Nestle in hot water

Marketers at Nestlé must be in a state of shock. The company has been caught off guard by the campaign launched against them by Greenpeace on social media sites since March 17, and seems unsure how to respond.

The protest is over Nestlé’s purchases of palm oil from an Indonesian company, which Greenpeace says has cleared rain forest to establish palm plantations. The clearances are causing huge concern, as the valuable rain forest is host to a huge number of unique species, including the orangutan, which could become extinct if it loses its only habitat.

The campaign started with a report on the company’s palm oil use published in Greenpeace’s website, accompanied by a mock KitKat commercial on the Web showing an office worker opening the candy’s wrapper and snacking on a bloody orangutan finger. Nice. The video has been widely shared across Facebook and Twitter and thousands of negative comments have been posted on the company’s Facebook page.

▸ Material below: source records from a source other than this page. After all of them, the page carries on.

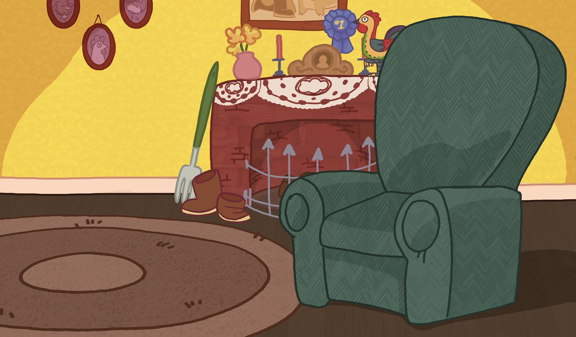 I wanted a clear visual difference and feeling between each location: farmhouse is warm, cozy, and inviting. Farm land is bright and expansive. The meat packing house is threatening, stark, and as red as its weenies.
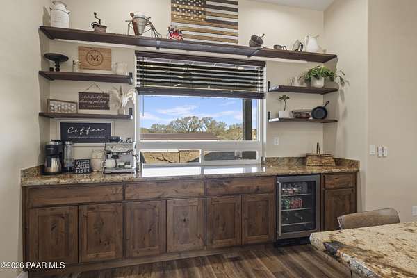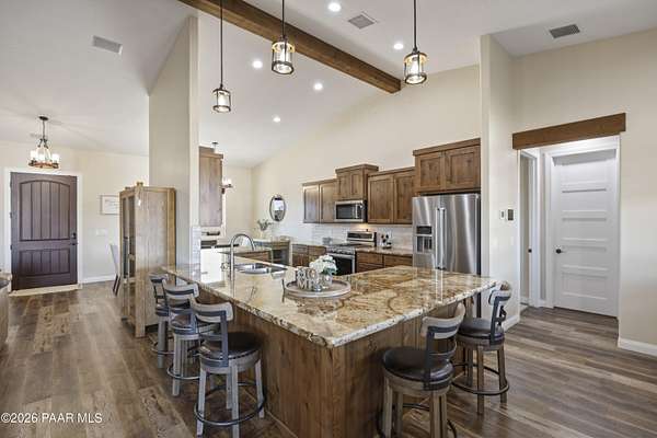 - Bar, Beamed Ceilings, Ceiling Fan(s), Counters-Solid SRFC, Granite Counters, High Ceilings, Hot Tub/Spa, Kitchen Island, Live On One Level, Master Downstairs, Walk-In Closet(s), Wash/Dry Connection, Wet Bar, Wired For Sound
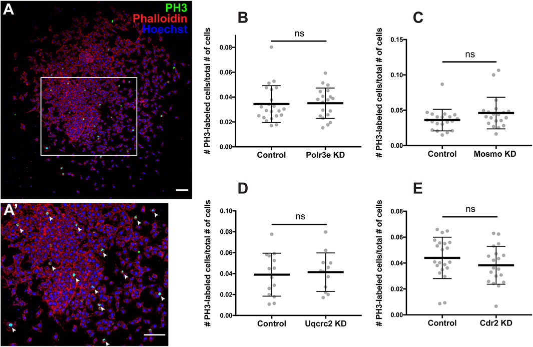 FIGURE 5. Manipulation of 16p12.1-affected genes does not impact NCC proliferation in vitro. Dissected NCC explants from control, Polr3e KD, Mosmo KD, Uqcrc2 KD, and Cdr2 KD embryos were plated on fibronectin-coated coverslips, allowed to adhere and begin migration for 4 h before being fixed in 4% PFA and immunostained with PH3 antibody as a marker for NCC proliferation, phalloidin to label the actin cytoskeleton, and Hoechst to label nuclei. (A,Aâ²) Representative image of control NCC explant immunostained with PH3, phalloidin, and Hoechst. White arrows denote cells positively labeled for PH3. (BâE) Quantification of the number of positively PH3-labeled cells versus the total number of cells per NCC explant for Polr3e KD, Mosmo KD, Uqcrc2 KD, and Cdr2 KD compared to controls. Partial depletion of each individual 16p12.1-affected did not have a significant impact on NCC proliferation in vitro. (Explants quantified: 6-7 explants from control and KD embryos were plated for each experiment. Three separate experiments were performed for each depletion). ****p < 0.0001, ***p < 0.001, **p < 0.01, *p < 0.05, n.s., not significant. Scalebar = 300 μm. |
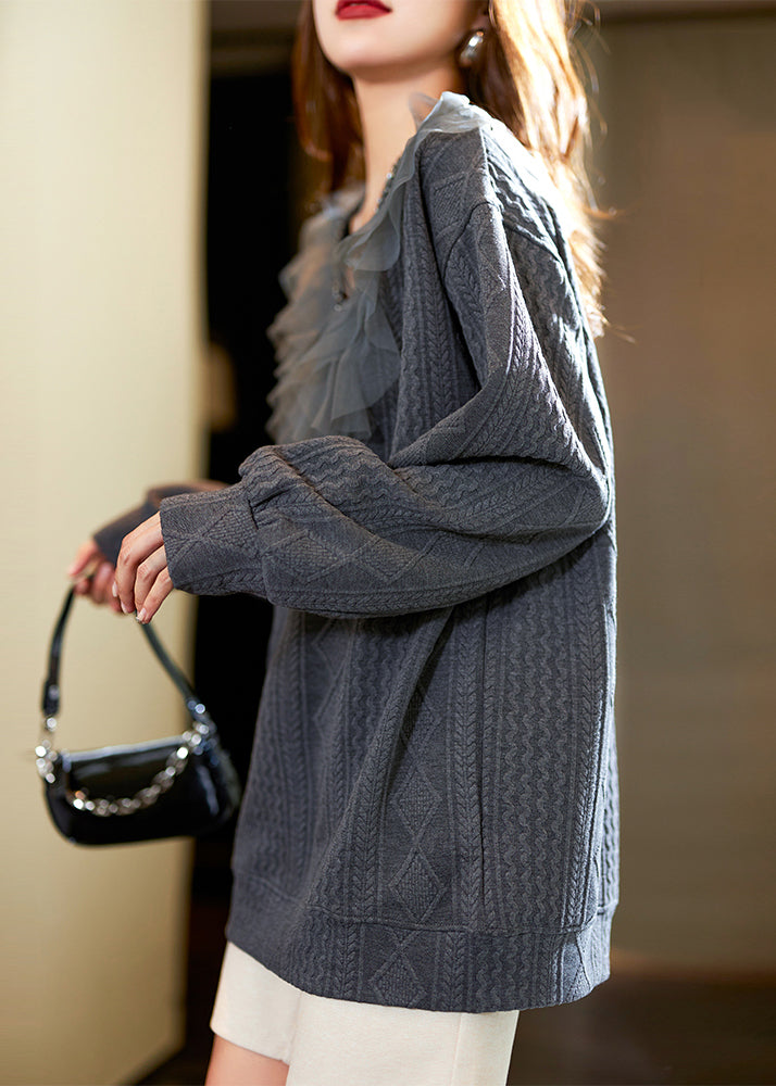New Dark Gray Ruffled Nail Bead Patchwork Cotton Knit Tops Spring
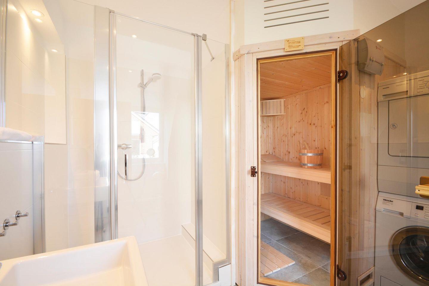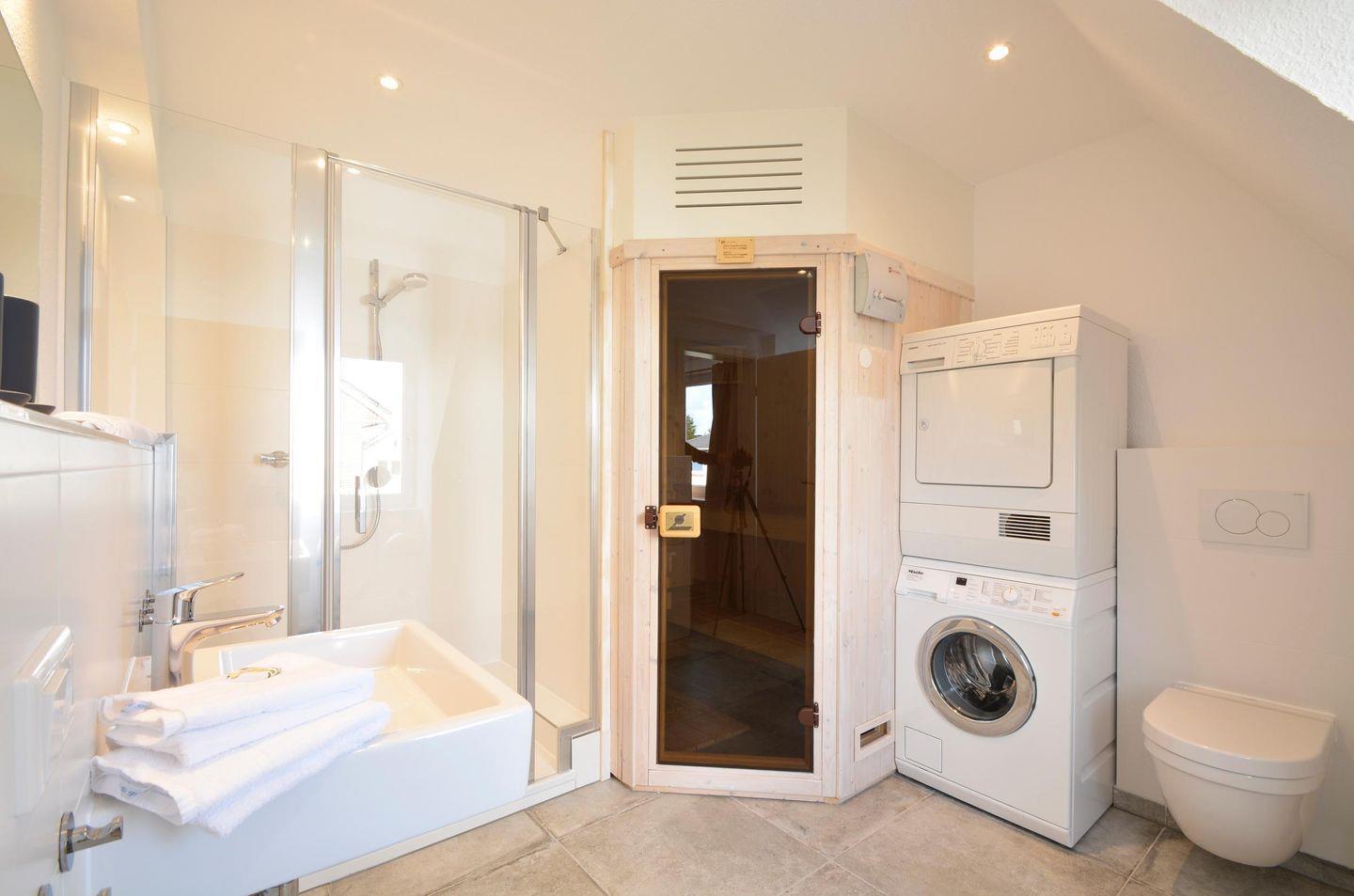 Im Erdgeschoss befindet sich das sehr großzügige, kombinierte Wohn-Esszimmer mit Küche, ein zweites Wohnzimmer sowie ein Schlafzimmer mit abgehendem Bad und Ankleidezimmer. Das Obergeschoss verfügt über vier weitere Schlafzimmer und 2 Bäder.
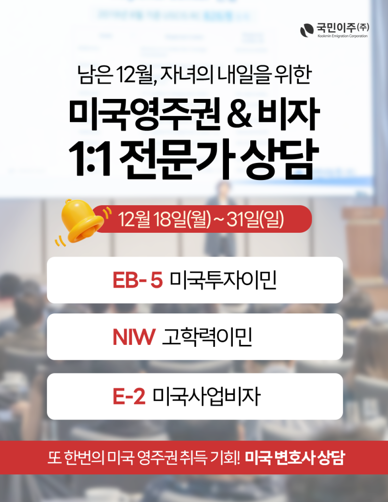 하반기부터 부쩍 늘어난 미국영주권 승인 소식에 따라 자녀를 위한 미국 영주권 상담과 신청이 잇따르며, 연말이 지나기 전에 집중 상담을 실시하는 것이다.
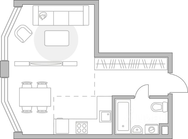 Продаётся 1-комнатная квартира в строящемся доме (Корпус 1), срок сдачи: IV-кв. 2028, общей площадью 34.69 кв.м., на 12 этаже.
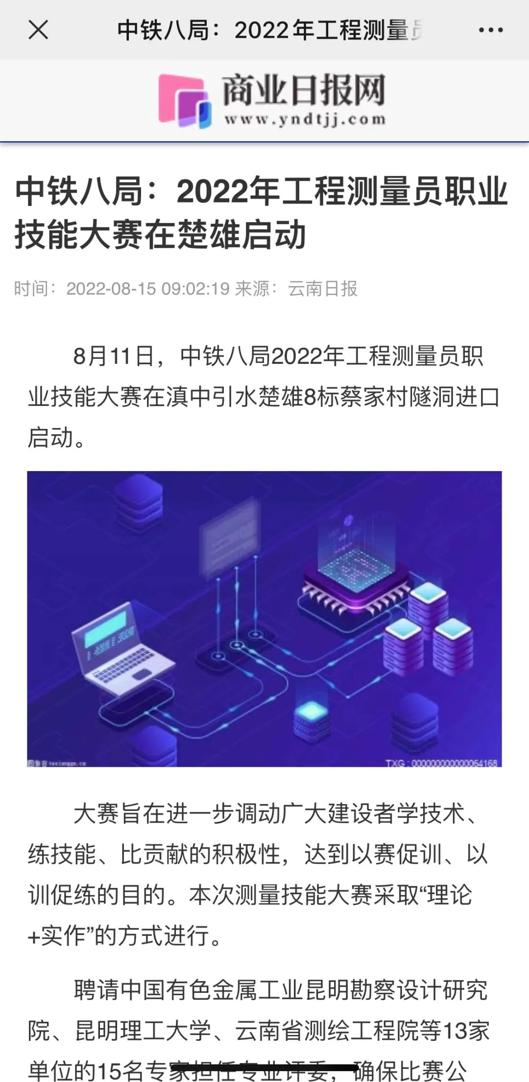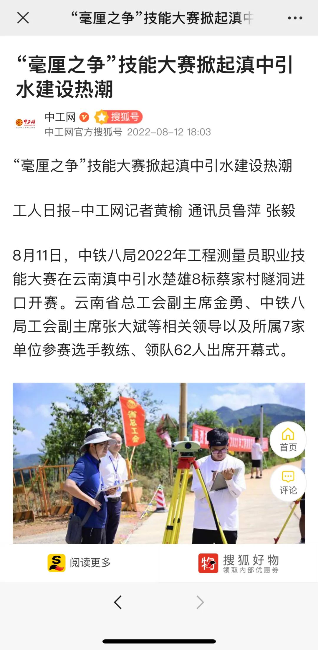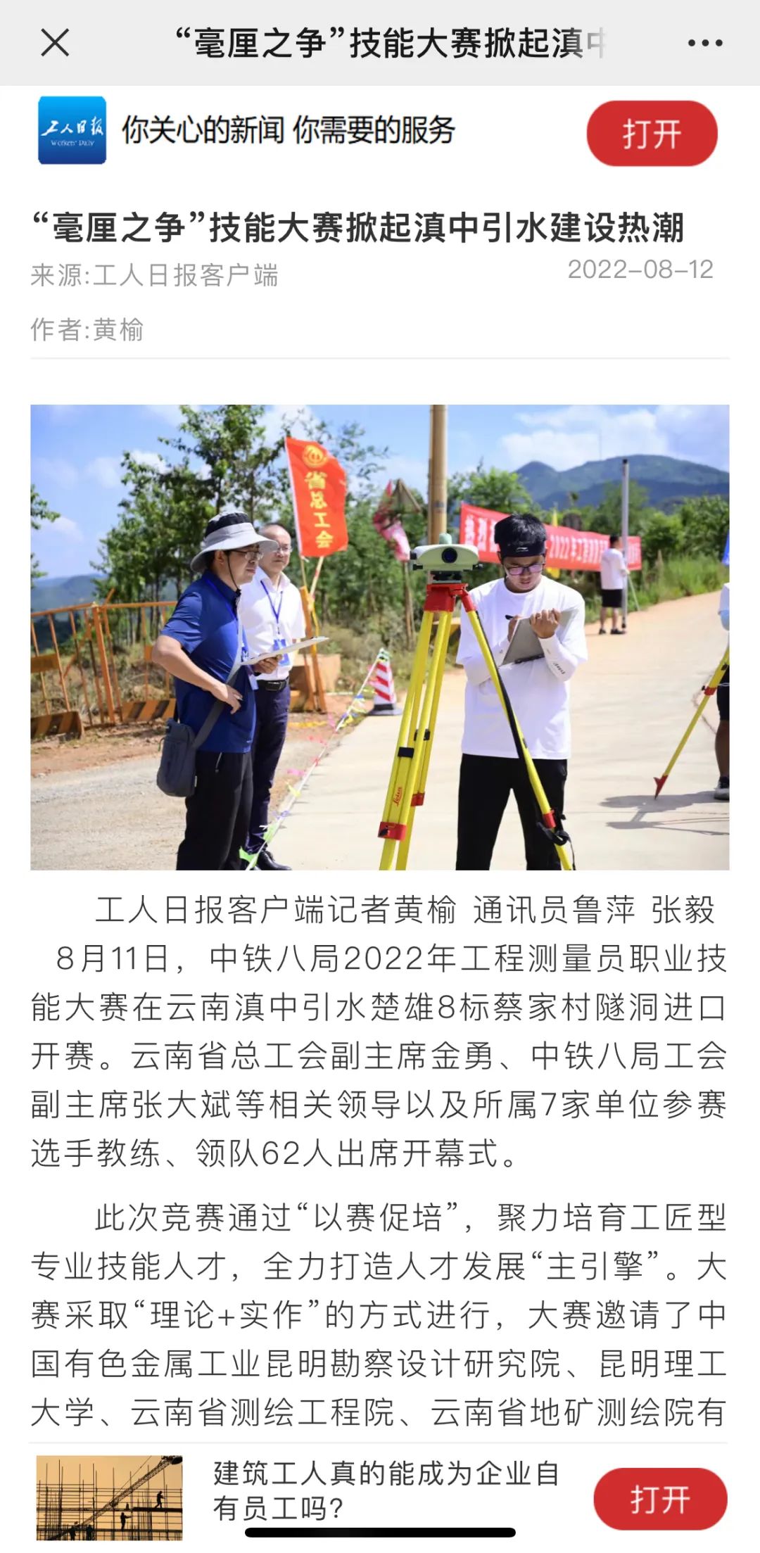 8月11日—14日,中铁八局在滇中引水楚雄8标项目举办2022年工程测量员职业技能大赛。
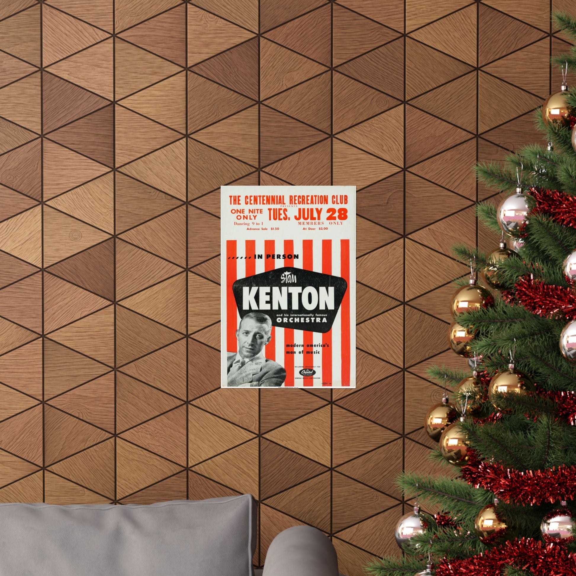 The Performer (Stan Kenton): Stan Kenton was a highly significant figure in 20th-century American music, known for leading one of the most innovative and enduring big bands. His orchestra was famous for pioneering Progressive Jazz and West Coast Jazz, moving beyond traditional swing into more complex, orchestral, and modern arrangements. The tagline "modern america's man of music" reflects his stature and innovative reputation at the time.
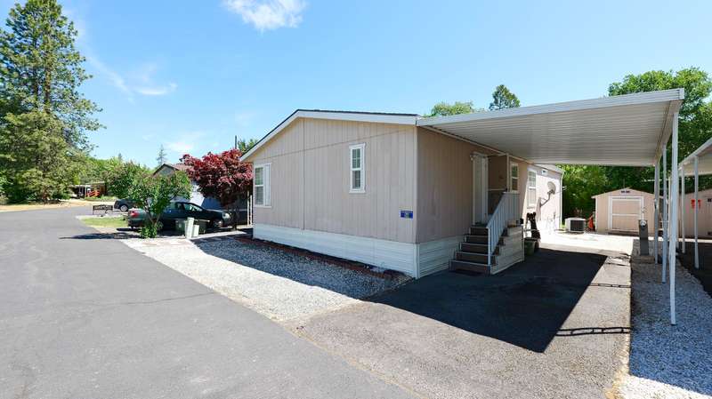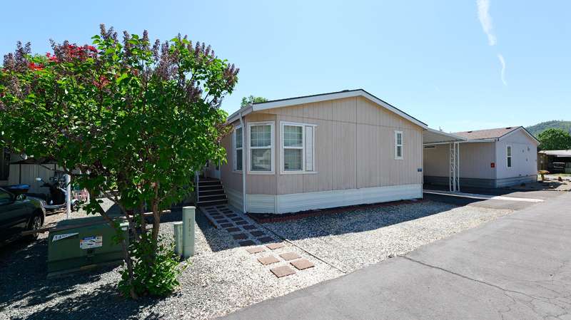 Well-maintained 3-bedroom, 2-bathroom home in a desirable 55+ community! This 1,296-sq ft home features a spacious split open floor plan, perfect for comfortable living and entertaining. Enjoy relaxing on the covered front porch or tending to your garden area. The home includes a utility shed for extra storage and is clean, bright, and move-in ready. Conveniently and close to all city services including market, post office, and restaurants, you'll love the ease of living here. Affordable space rent makes this a great opportunity to enjoy a peaceful, friendly neighborhood without breaking the bank. Don't miss your chance to own this charming home in a great location!
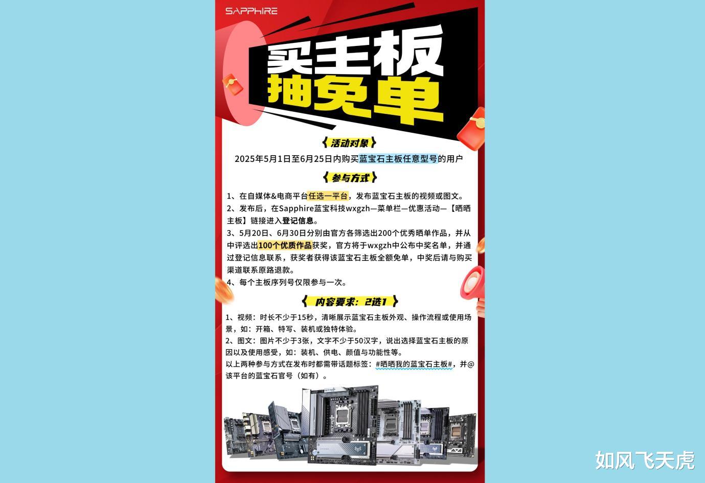 作为一线厂商,蓝宝石不仅有显卡,而且还有主板,性价比非常高。最近蓝宝石有买蓝宝石主板 抽免单活动,会送出高达100块主板哦!机会难得!只要是在2025年5月1日至6月25日内购买蓝宝石主板任意型号的用户均具有资格参加,具体规则请看下面的图片,建议同客服沟通详情。100块主板,获奖几率还是很大的哦,买买买吧。
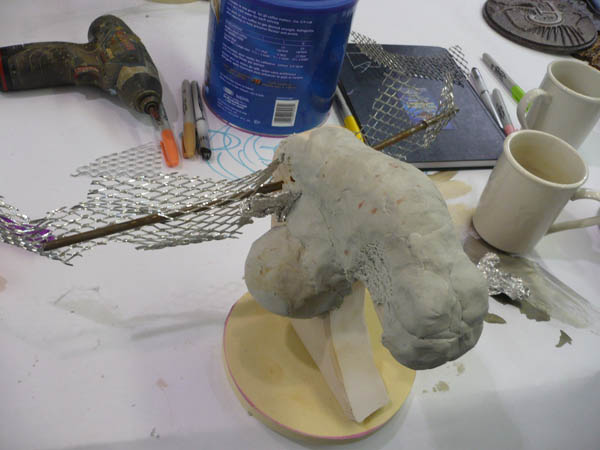 I cut the a rough profile shape of the moose head out of HDU and added aluminum foil to flesh it out adding Magic Sculpt Epoxy putty as an outer skin. The antlers started off with a skeleton of steel rod and lath with a skin of Magic Sculpt. Attached is a picture of the moose half finished.
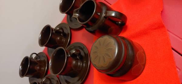 6 set of elegant coffee mugs + saucers in rich warm brown
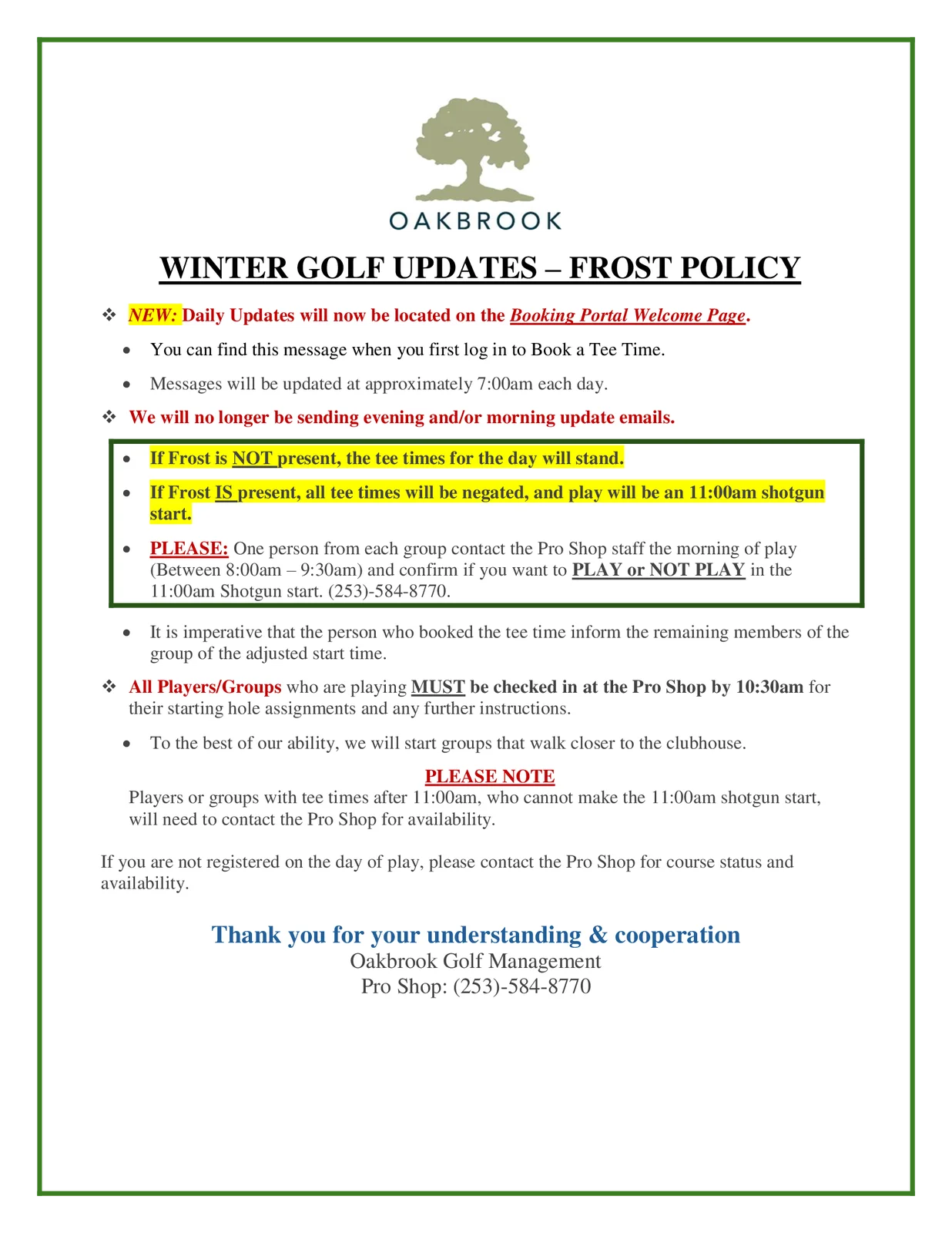 Oakbrook Hours

Nestlé mounted a robust defence, getting YouTube to remove the video, although this has not stopped it spreading. It was less successful when it tried to put out the fire on Facebook. Telling users it would delete their comments seems only to have enraged them further, and now its fan base, mostly protesters, has grown to more than 95,000. The brand is trying to convince consumers that its palm oil purchases are negligible, but the signs are it will have to work a lot harder to get that message across.

It’s a graphic lesson in just what social media can mean for a company. Ignoring it is not an option, but having a Facebook presence, as Nestle has, is not just a way for the brand to raise awareness, it provides an instantaneous way for consumers to tell it that its behaviour stinks. Opinion is now divided about whether it should maintain the dialogue or, since the damage is so bad, close the page down and start again.

Personally I’m with the protesters on this one – sacrificing the orangutans just to help our confectionary hold together a bit better is not something anyone can be happy about. But Nestlé is not the only global brand to use palm oil, or, for that matter, to engage in dubious practices that would make consumers hit the roof if they knew of them. Greenpeace’s success with this campaign will not go unnoticed, and other big brands must be wondering if they are going to be next.